秦琼、程咬金等人都默默地望着这令人心酸的一幕,他们每个人的眼睛里都含着热泪。落日谷地的杀戮只是第一步,杨元庆次日随即挥师北上,三天后一战击溃了悉万丹部,屠杀三万余契丹男子,随即又东进灭了松黎部和吐万侯部,短短十天时间,契丹有十余万人被杀.近六成契丹人灭亡,剩余的契丹人恐惧万分,他们纷纷向北逃入室韦,或者向南逃入奚族,血腥充斥着这片曾经平静的土地。
契丹贵族一时狂妄入侵隋朝,却给契丹人带来了灭顶之灾,十余万青壮男子被杀,二十余万契丹妇孺被押入突厥为奴,数百万头牛羊则被突厥和隋朝瓜分,这场发生在大业二年年末的战争,在一片腥风血雨中结束了。杨元庆和乌图依依惜别,他率领手下和数百突厥骑兵将被解救的隋朝妇女,以及百万头牛羊送回营州。
在一场纷纷扬扬的初雪中,杨元庆来到了营州城,营州城沸腾了,倾城出动,数万民众敲锣打鼓来迎接为他们报仇雪恨杨元庆一行,连同数百突厥骑兵也受到了隆重的礼遇,人人披红带彩,跨马游街,接受营州民众的欢呼和赞颂。
数千女子和百万头牛羊都由官府负责安置,杨元庆怜悯这些不幸的女子,特地从战利品中拿出三十万头牛羊和十万吊钱给予她们补偿,并将其余战利品,除十万头牛羊要送入京城外,其余牛羊命官府全部分配给在契丹入侵中遭遇不幸的家庭。
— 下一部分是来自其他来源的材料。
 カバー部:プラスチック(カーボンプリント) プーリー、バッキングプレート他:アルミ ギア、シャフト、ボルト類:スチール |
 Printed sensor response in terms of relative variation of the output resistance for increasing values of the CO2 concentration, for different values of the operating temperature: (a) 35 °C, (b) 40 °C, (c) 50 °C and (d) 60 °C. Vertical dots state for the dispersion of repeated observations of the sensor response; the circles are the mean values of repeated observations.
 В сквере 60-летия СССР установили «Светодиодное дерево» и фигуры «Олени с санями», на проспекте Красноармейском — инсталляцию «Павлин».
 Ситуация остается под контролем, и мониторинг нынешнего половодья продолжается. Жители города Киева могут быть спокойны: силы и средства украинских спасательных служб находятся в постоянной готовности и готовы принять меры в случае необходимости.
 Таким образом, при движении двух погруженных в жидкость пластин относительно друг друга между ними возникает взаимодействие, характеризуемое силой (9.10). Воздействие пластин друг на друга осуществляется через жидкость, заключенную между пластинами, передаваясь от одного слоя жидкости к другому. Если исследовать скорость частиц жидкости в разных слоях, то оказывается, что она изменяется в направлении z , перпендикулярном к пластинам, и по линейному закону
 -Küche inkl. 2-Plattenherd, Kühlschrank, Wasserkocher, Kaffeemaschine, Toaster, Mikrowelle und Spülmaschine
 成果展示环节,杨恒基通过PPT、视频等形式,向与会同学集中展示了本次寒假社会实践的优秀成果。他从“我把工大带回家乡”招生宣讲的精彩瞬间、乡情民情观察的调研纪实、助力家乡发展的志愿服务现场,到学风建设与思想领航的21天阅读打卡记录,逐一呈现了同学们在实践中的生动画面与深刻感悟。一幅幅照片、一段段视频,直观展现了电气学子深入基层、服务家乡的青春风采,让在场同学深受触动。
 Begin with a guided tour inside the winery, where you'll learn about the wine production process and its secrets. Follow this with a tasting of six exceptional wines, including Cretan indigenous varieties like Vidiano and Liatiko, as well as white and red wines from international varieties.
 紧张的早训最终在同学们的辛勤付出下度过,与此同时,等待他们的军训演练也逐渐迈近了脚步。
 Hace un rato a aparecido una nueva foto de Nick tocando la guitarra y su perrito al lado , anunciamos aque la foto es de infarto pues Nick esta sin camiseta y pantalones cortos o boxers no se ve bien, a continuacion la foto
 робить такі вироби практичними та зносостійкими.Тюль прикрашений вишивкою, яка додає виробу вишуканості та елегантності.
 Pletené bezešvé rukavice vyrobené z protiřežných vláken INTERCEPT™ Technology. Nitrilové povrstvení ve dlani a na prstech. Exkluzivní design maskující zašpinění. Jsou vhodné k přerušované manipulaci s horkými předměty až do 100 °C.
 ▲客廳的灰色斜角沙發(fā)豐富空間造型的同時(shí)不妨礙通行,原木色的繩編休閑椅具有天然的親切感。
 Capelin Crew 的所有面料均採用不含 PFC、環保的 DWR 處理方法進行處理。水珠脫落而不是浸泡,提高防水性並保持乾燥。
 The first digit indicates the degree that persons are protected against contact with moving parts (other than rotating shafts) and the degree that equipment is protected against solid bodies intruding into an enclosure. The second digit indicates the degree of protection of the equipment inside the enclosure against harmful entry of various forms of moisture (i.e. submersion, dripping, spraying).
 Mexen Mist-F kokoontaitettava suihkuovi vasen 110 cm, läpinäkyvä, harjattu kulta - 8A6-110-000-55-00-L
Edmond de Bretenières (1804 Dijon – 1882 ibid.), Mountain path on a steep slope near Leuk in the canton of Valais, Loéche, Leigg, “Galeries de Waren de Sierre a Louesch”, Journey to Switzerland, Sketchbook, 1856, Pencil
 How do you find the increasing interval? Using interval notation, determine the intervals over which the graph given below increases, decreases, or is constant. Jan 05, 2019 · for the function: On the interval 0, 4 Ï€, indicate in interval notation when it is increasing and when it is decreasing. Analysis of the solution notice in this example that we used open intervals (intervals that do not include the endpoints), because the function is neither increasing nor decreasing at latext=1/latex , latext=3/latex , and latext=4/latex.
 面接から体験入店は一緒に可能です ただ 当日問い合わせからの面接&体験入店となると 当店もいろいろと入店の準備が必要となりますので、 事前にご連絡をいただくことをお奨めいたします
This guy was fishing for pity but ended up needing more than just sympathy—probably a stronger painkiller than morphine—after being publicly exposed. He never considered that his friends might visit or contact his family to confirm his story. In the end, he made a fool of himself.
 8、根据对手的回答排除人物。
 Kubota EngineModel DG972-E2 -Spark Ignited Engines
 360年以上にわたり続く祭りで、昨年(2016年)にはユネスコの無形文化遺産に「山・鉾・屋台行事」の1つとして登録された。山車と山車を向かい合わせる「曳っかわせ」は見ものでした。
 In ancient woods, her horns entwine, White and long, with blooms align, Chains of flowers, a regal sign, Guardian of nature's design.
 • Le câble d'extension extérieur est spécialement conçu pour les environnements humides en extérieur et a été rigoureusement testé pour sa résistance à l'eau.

与此同时,营州太守韦云起则命隋军深入契丹领地,收集了数万具契丹人尸体,在契丹和大隋交界的集安屯修建了一座京观大墓,以震慑东北各族。
诸事烦多,一直忙碌了近一个月,杨元庆才渐渐安顿下来,此时又是一场大雪袭来,辽东大地成为了白茫茫一片,厚厚的大雪覆盖了大地,瑞雪兆丰年,时间已经到了岁末年关,杨元庆这才惊觉,再有两天,便是大业三年的新年了。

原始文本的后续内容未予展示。